49    Furthermore, the contention that future employees would have no right to take protected industrial action would be true whenever an agreement was made. That is a feature of the legislative scheme.

50    As the CFMEU’s arguments accepted, it may not safely be assumed that there would be a proposal for a site or project agreement at any particular place which would, in future, displace the agreement under consideration. However, if there was to be such a proposal there was no fetter on the operation of the FW Act or upon the ability of negotiating parties to make a bargain and have a further site or project specific agreement approved. In that process a union might be a bargaining representative for any of its members unless they appointed a different bargaining representative (s 176(1)(b) and (c)). In my respectful view, the argument which Deputy President McCarthy rejected involved fallacious reasoning, and a basic misconception to the effect that cl 1 of the agreement would frustrate the operation of the FW Act or interfere with the prospect of collective bargaining.

The Full Bench decision

51    Argument before the Full Bench also proceeded, as it had before Deputy President McCarthy, on the footing that the “group” of employees was represented by the whole of the potential coverage of the agreement. The Full Bench recorded:

[10]    It was submitted by the CFMEU that the Deputy President did not make a definitive finding as required by s.186(3) as to what was the group of employees covered by the Agreement. It was said that it was impossible to determine whether the group was fairly chosen as the group itself is not capable of being identified or defined because of the operation of the exclusion provision in clause 1.2 of the Agreement. Further it was submitted that, contrary to the findings made by the Deputy President, the coverage of the Agreement was not geographically, operationally or organisationally distinct as it excluded by its terms some employees within the geographical area in which it applied, it excluded some employees within its operational coverage (building and/or civil construction work) and it was clearly not organisationally distinct. …

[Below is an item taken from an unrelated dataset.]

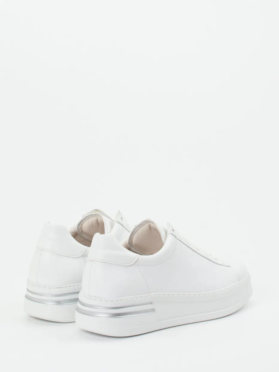 Gabor Comfort präsentiert einen Plateau-Sneaker aus hochwertigem Kalbleder mit edlem Finish.
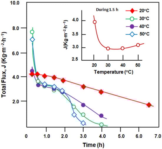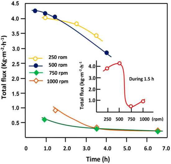 The total flux, J, was determined from the mass measurements of the permeate at the interval time using Equation (10).

[12]    John Holland submitted that the Deputy President, in considering whether the group of employees was “fairly chosen”, did make specific findings in relation to the coverage and application of the Agreement and took into account whether the group of employees was geographically, operationally or organisationally distinct. The Deputy President found that the Agreement covered construction work in Western Australia where there is not a project-specific agreement, and that the group of employees was geographically distinct and operationally distinct but not organisationally distinct. It was said that these findings were correct and that the CFMEU should not be allowed on appeal to challenge the findings as to the distinctiveness of the group as these were not contested before the Deputy President.

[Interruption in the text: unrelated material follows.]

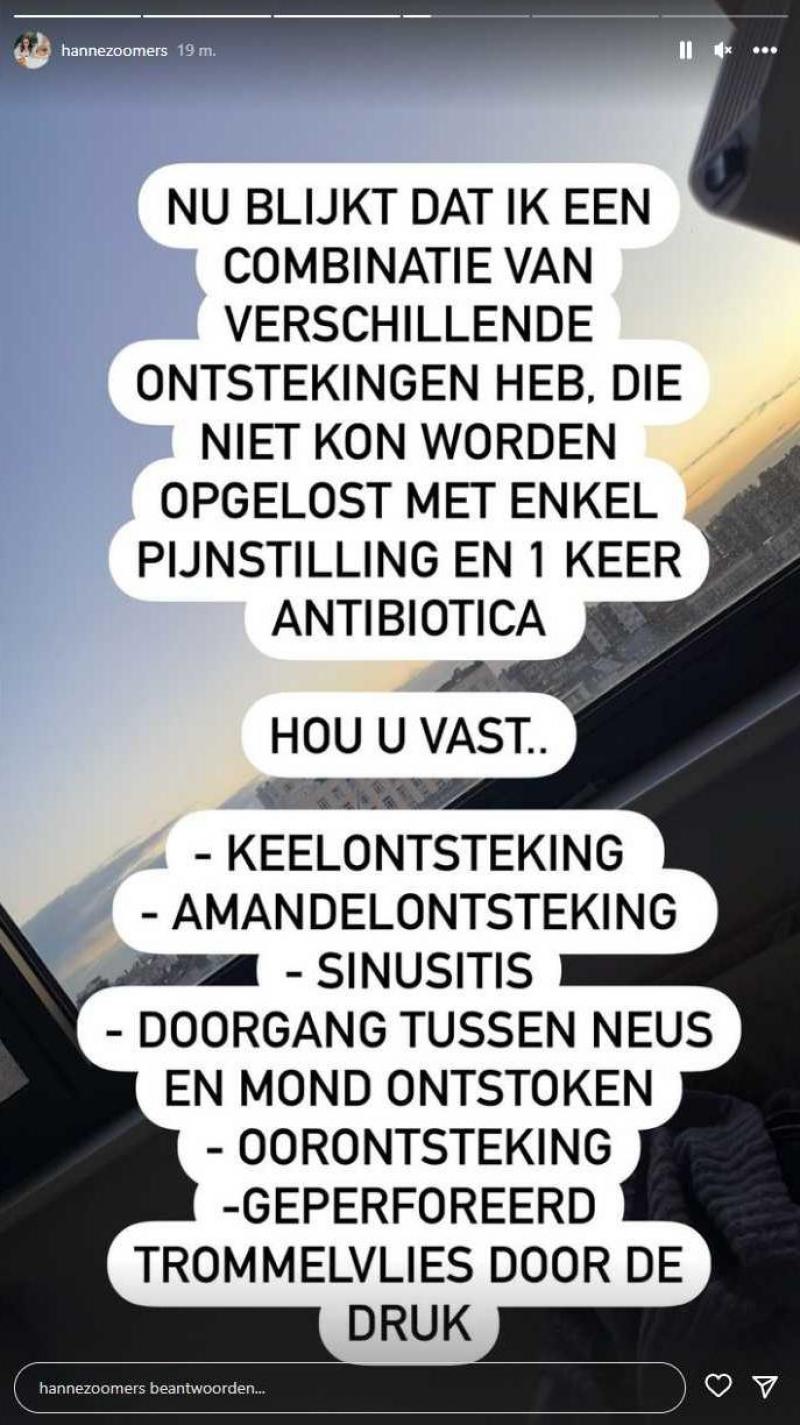 Vervolgens somt ze maar liefst zes verschillende kwaaltjes op. «Keelontsteking, amandelontsteking, sinusitis, doorgang tussen neus en mond ontstoken, oorontsteking, en geperforeerd trommelvlies door de druk. De paniek begon gisteren toch door te slaan toen er letterlijk plasjes bloed uit mijn oor begonnen te komen. Ik ben bijna nooit ziek, maar duidelijk wel serieus als dat het geval is», luidt het.

52    The Full Bench referred to the possibility, under cl 1.2 of the agreement, that particular projects were excluded from its coverage if a separate agreement for the project applied and said:

[25]    Given the nature of the exclusion provision, we doubt that it would be possible to make any definitive finding as to the group of employees covered by the Agreement as required for the purposes of s.186(3). This would depend upon how many building and civil construction employees are now covered or may in the future be covered by site-specific arrangements. At most the group to be covered by the Agreement may be described as comprising some of John Holland’s employees working on some building and civil construction sites at some locations in Western Australia. As it is not possible to identify with any certainty the group of employees to be covered by the Agreement, it is not possible to be satisfied that the group of employees was fairly chosen as required by s.186(3) or to apply the requirements of s.186(3A).

(Emphasis added.)

53    The Full Bench went on to conclude, for essentially the same reason that the “group” of employees should not be regarded as geographically, operationally or organisationally distinct as such conclusions would be unsafe having regard to the uncertainty of actual future coverage.

54    Finally, the Full Bench said:

[34]    … We also consider that the operation of the Agreement, as made with the three employees, would undermine collective bargaining by other employees in a manner not compatible with the objects of Part 2-4, and that the exclusion provision in the clause is contrary to the purpose and policy of the Act.

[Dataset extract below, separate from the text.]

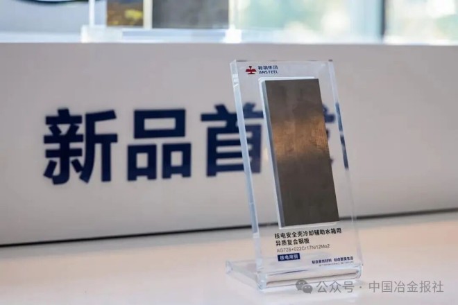 核電安全殼冷卻輔助水箱用異質複合鋼——AG728+022Cr17Ni12Mo2:鞍鋼集團聯合設計單位曆時2年研製,率先應用於3代非能動壓水堆核電機組。與奧氏體不鏽鋼相比,抗拉強度大幅提升,綜合成本顯著下降。攻克組坯焊接、超寬板幅等難題,成功生產寬度3700mm超寬規格產品,通過嚴苛焊接與應用評價。

[35]    We have taken these factors into account in considering whether the group of employees covered by the Agreement was fairly chosen within the meaning of s.186(3). We have also had regard to the difficulty in the present matter of making any definitive finding as to the group of employees covered by the Agreement. In the circumstances of this matter, we do not consider that a conclusion could be reached that the group of employees was fairly chosen. In reaching such a conclusion, we consider that the Deputy President erred both in the application of the relevant legislative provisions and in the exercise of discretion.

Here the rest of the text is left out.